Nvidia CEO Jensen Huang said on Thursday he was confident that President Trump and Chinese leader Xi Jinping had a good conversation during a much-anticipated meeting in South Korea earlier in the day.
“I have every confidence that the two presidents had a very good conversation. It doesn’t have to involve anything that I do,” said Huang.
The U.S. government strengthened export controls on advanced semiconductors, including GPUs, to limit China’s access to cutting-edge AI capabilities for commercial and military use.

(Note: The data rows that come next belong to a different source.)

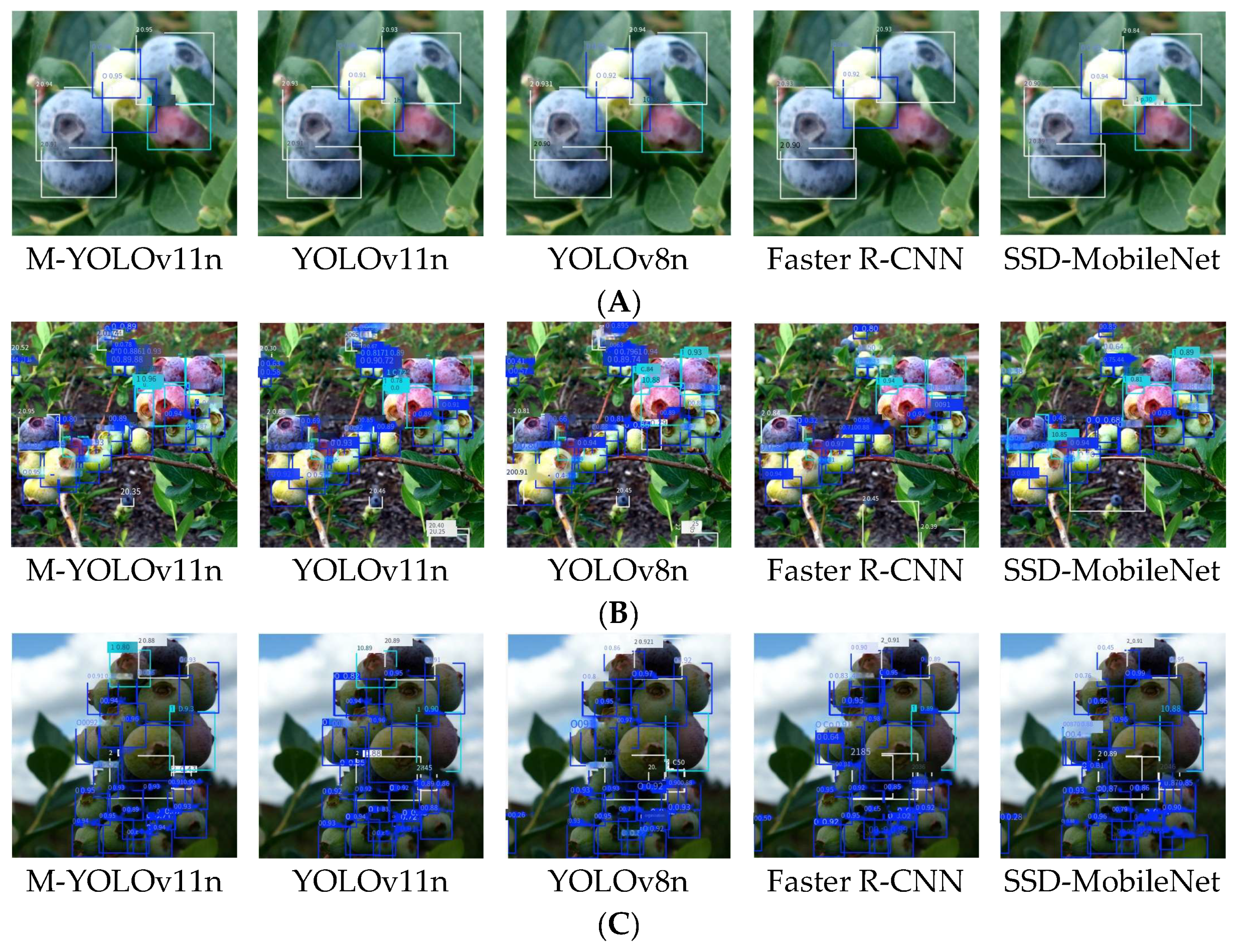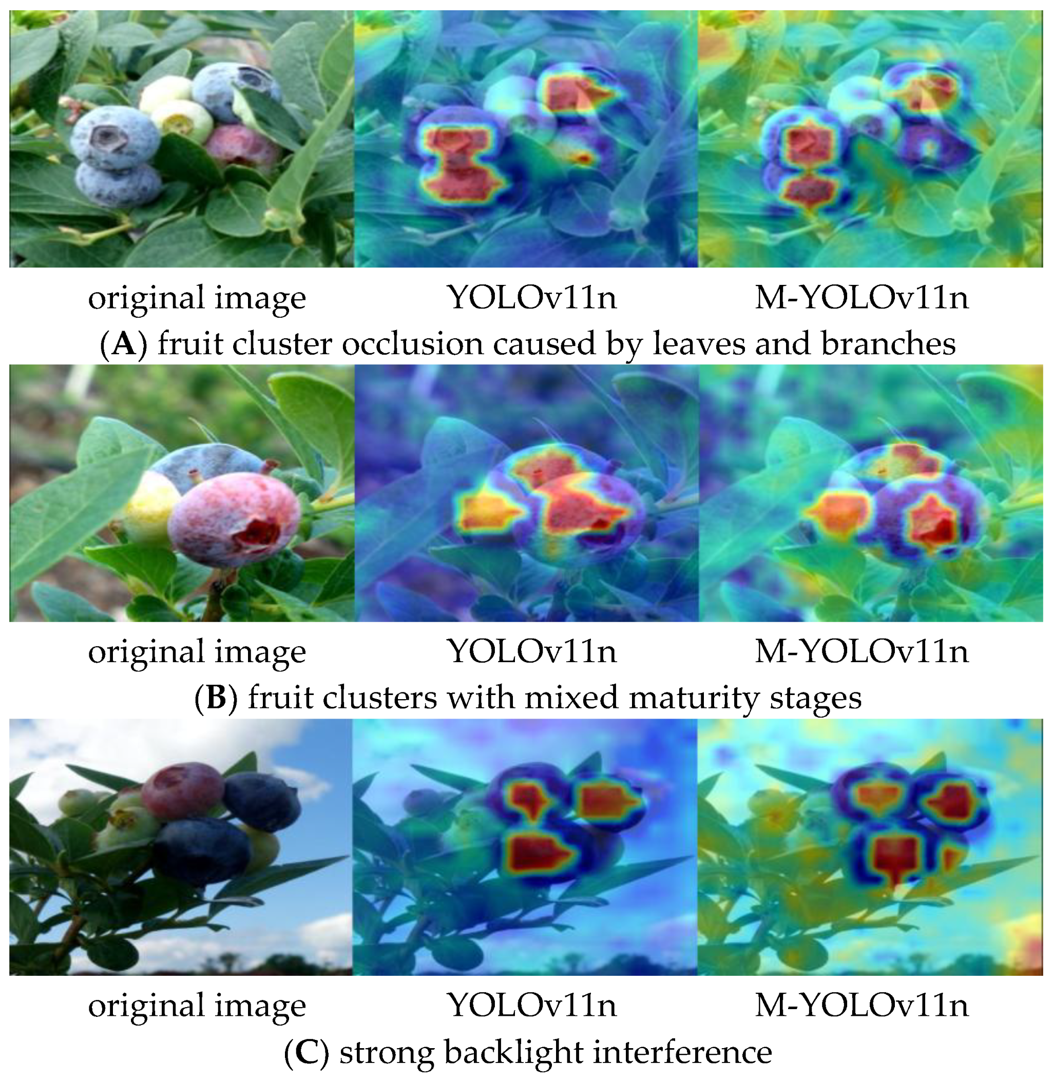 16]. However, when deployed in complex natural environments characterized by factors such as occlusion, varying lighting conditions, and significant scale variation among fruits, these models often face challenges in maintaining robust accuracy while meeting the stringent requirements for real-time processing and lightweight deployment essential for practical agricultural applications. To address these specific challenges, this study proposes the M-YOLOv11n network. Building upon the efficient YOLO framework, our work introduces key structural innovations. The novelty of M-YOLOv11n lies in its integrated approach, which strategically incorporates a multi-scale feature extraction module and an attention mechanism within a lightweight architecture. This design aims to enhance feature discrimination for blueberries under challenging conditions without substantially increasing computational cost, thereby advancing the balance between accuracy, robustness, and efficiency for in-field maturity detection. For example, Zhang et al. proposed a fruit detection method based on Faster R-CNN and achieved more than 90% accuracy in the detection task of apples and oranges [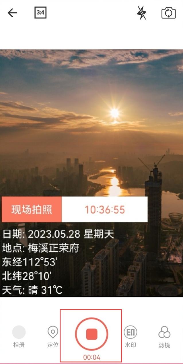 1、进入时间相机APP首页,选择视频水印相机,点击拍摄按钮,录制带时间、位置水印的视频内容。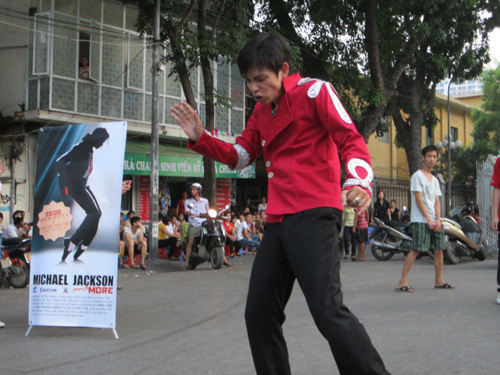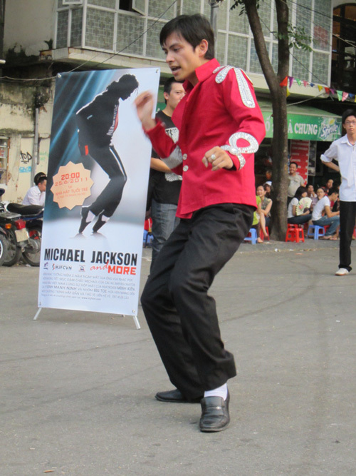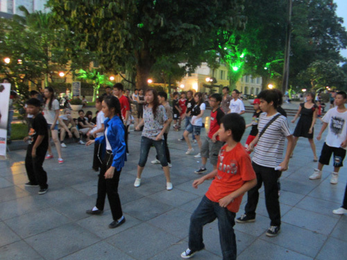 - Fanclub Michael Jackson tại Hà Nội đã trình diễn những màn Fashmob đẹp mắt trên nền nhạc của ông vua nhạc Pop tại 4 địa điểm - Vườn hoa Hàng Trống, Nhà Thờ Lớn, Hồ Gươm và tượng đài Lý Thái Tổ.
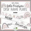 🌈 Neutral Boho Rainbow Desk Name Plates | Editable Student Name Tags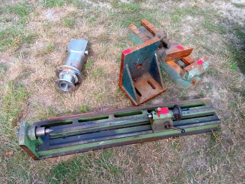 Tohle je strojařský peklo, byly tam i velký otočný svěráky, 200mm čelisti, svěráky na trubky. Ještě tam leží ta naklápěcí kostka, ta vypadala taky schopně. Naložit to na vozejk není problém.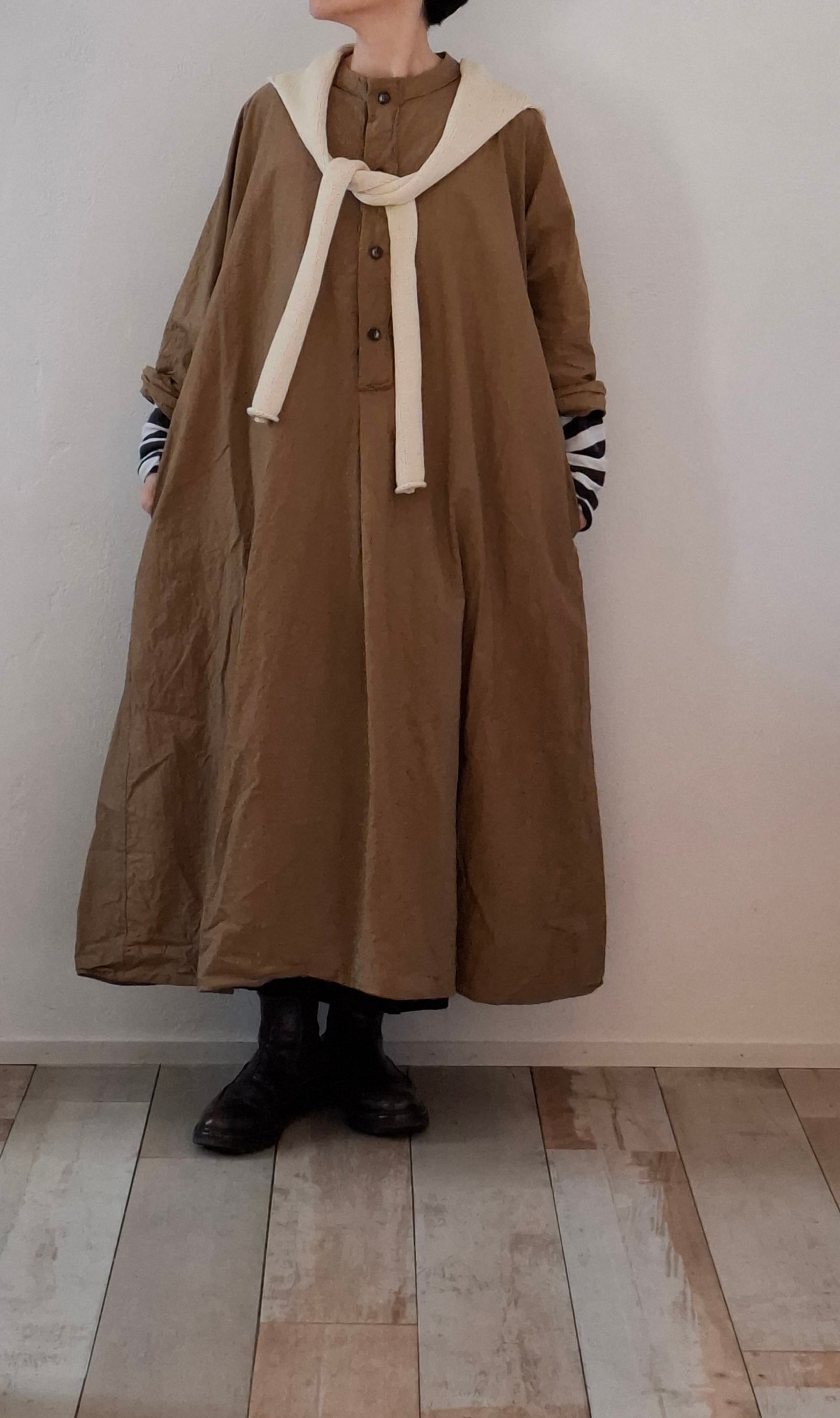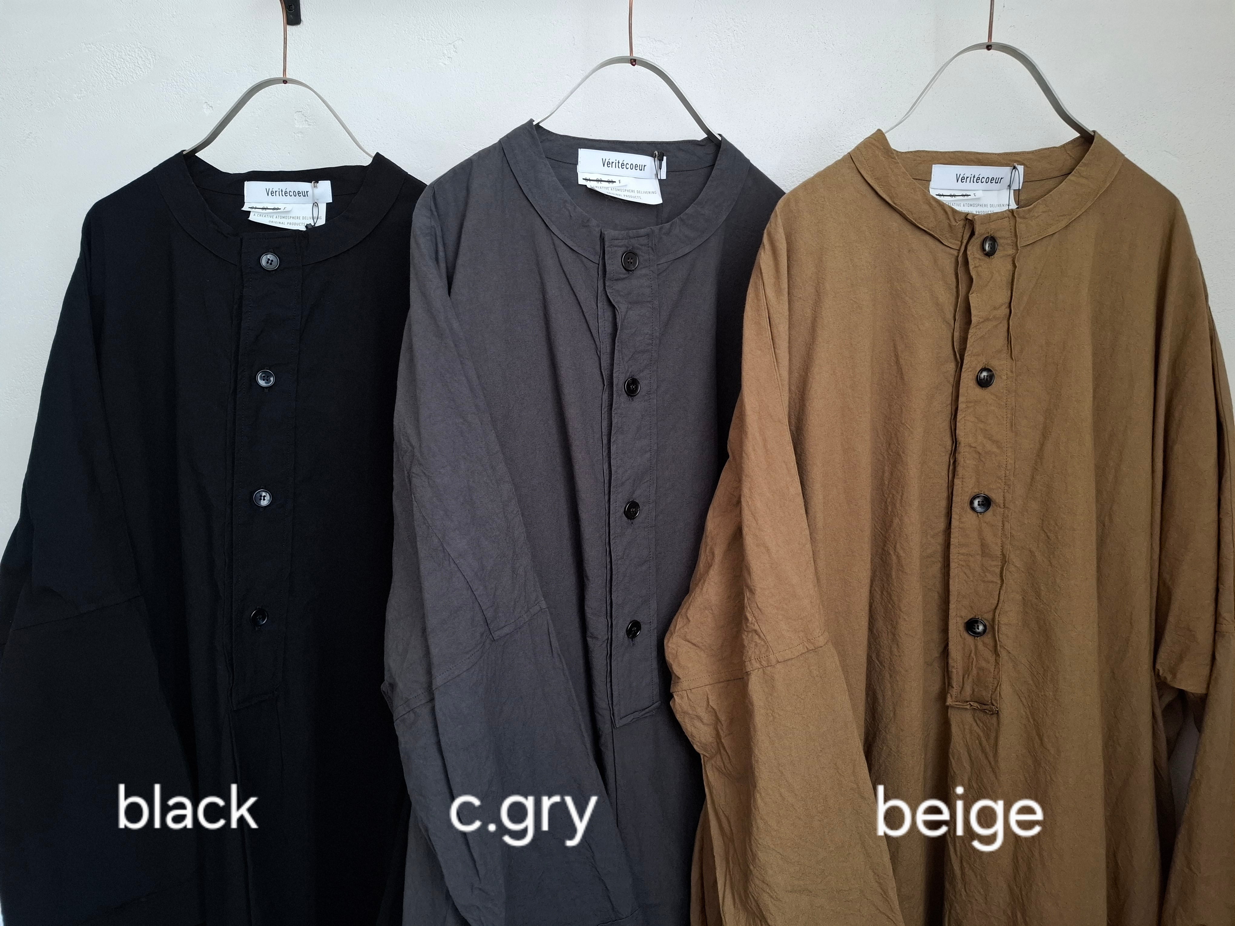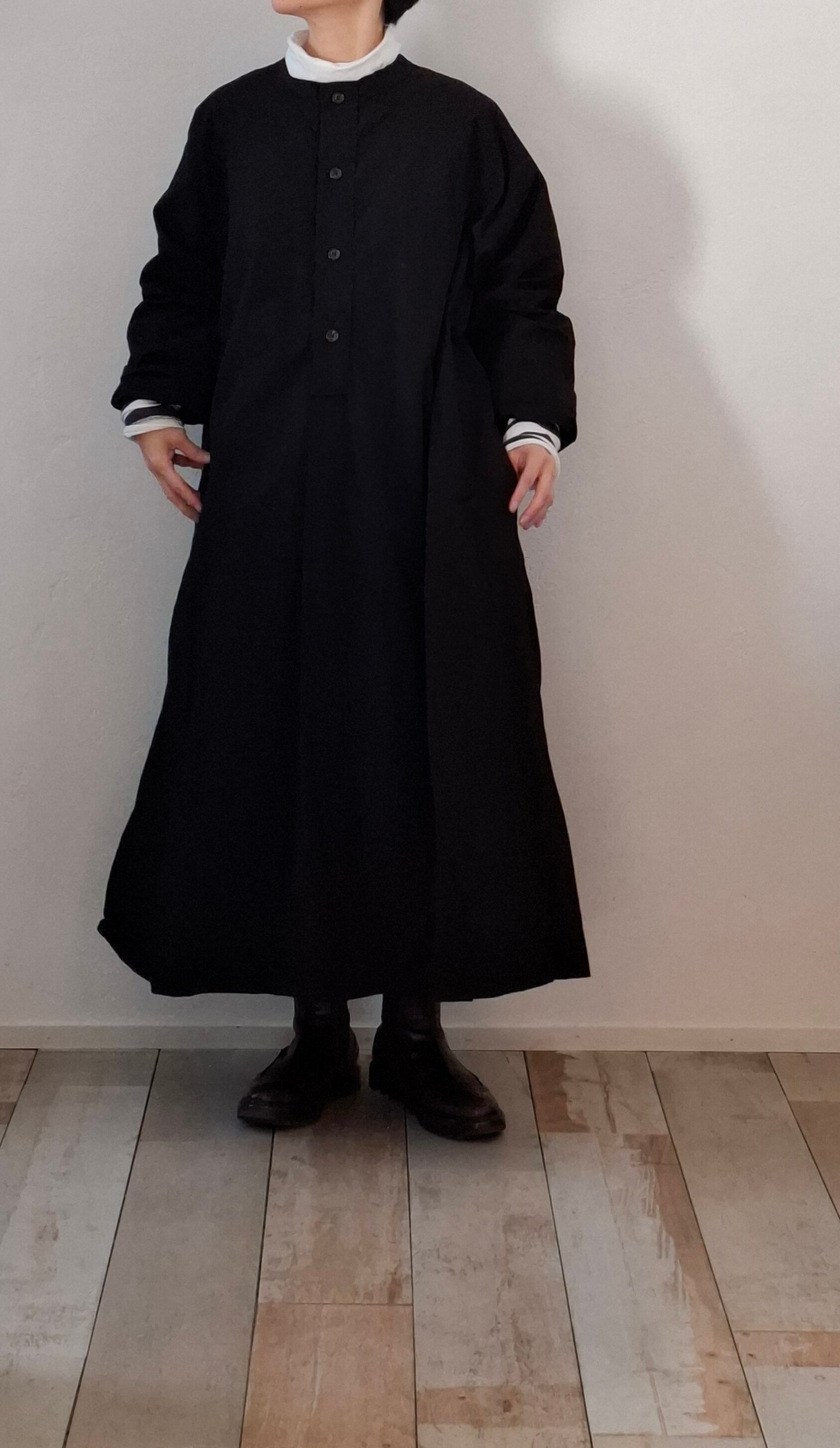 首まわりはヘンリーネック仕様で、すっきりとした印象です。
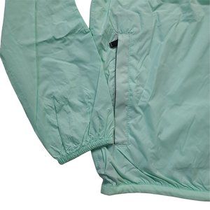 Mint green color, hooded with draw cords, full zip closure in the front, long sleeves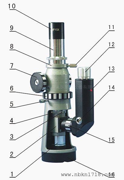 5.微调定位螺钉 6.微调手轮 7.粗调手轮 8.定位套 9.目镜管

The Bureau of Industry and Security (BIS) issued updated rules requiring broader licensing for high-performance chips destined for China, and emphasizing national security concerns. These measures specifically target processors capable of accelerating AI and machine learning workloads, effectively restricting the most advanced hardware while allowing limited, regulated exports. The controls reflect the U.S.’s strategic goal of maintaining technological leadership in AI and high-performance computing while managing geopolitical risks.
Amid these restrictions, Nvidia has publicly acknowledged the potential to bring its Blackwell-architecture GPUs to China under U.S. government approval. Huang indicated that any China-specific deployment would comply with export regulations, potentially involving performance-limited versions. This scenario illustrates the tension between commercial opportunities and regulatory constraints, highlighting how major tech firms must navigate U.S.-China geopolitical dynamics while supporting global AI innovation. It underscores the broader interplay of technology, trade policy, and national security in 2025.
For companies like Nvidia, navigating these dynamics requires balancing commercial opportunities with strict regulatory compliance, ensuring that technology deployment aligns with both government policy and international market considerations.